By far though, the stuff I find the hardest is her insistence that “science” is about to prove the existence of God. In particular, the branch of quantum physics known as string theory is supposedly right on the cusp of grand unifying theory that will once and for all settle the debate. Now, not only is string theory hotly contested in the world of people who actually understand quantum physics (that would not include myself or my mother), but I have to wonder about a “faith” that continually seeks proof. Particularly when that proof comes in the form of snake oil science and unsupportable pronouncements. (There are many good scientific websites that debunk much of the “science” the new thought movement bases its theories on).

Really, I understand that people believe in God in all its incarnations (from the old Christian God to the new unified field god), and I support anything that gives people comfort and community in this crazy world. Despite my rational upbringing, I too have felt the pull of faith during some of my darker moments. But while I might consider myself spiritual (and by that I mean willing to entertain the possibility of things beyond this realm), I have never been able to find true belief in any system. And I am highly skeptical of any individual, group, program, spiritual centre, ashram, church, etc. that claims to be purveyors of the truth. Particularly when that truth seems to come with cost after cost (expensive courses, large donations, book and dvd sales, and pricey retreats being the norm rather than the exception in “new thought”).

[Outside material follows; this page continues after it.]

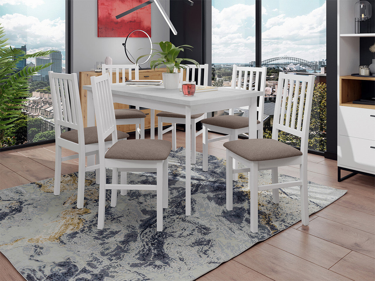 Étkezőgarnitúra 15 (MODENA 1P + NILO 7), Fa színe: Fehér, Kárpit: Hygge 20

I suppose what is most difficult for me to fathom is that someone who I was raised by and am so close to has such a different take on reality that I do. That she does not see through the snake oil and the hokey language to understand it as a consumer movement more than anything else. And although part of me wants to chalk it up to age – I think it is probably more a matter of brain chemicals or brain structure (I have obviously inherited more of my father’s skeptical mind). According to some studies, some people do have more of a propensity towards belief than others based on the amount of L-Dopa present in the brain.

For the record, Sai Baba is still alive and has a relatively large following. And my mother, for all the lessons she taught me as a child has decided that perhaps he’s not a fraud after all. Then, I ask you, where is that damned candy that is supposed to fall from the sky?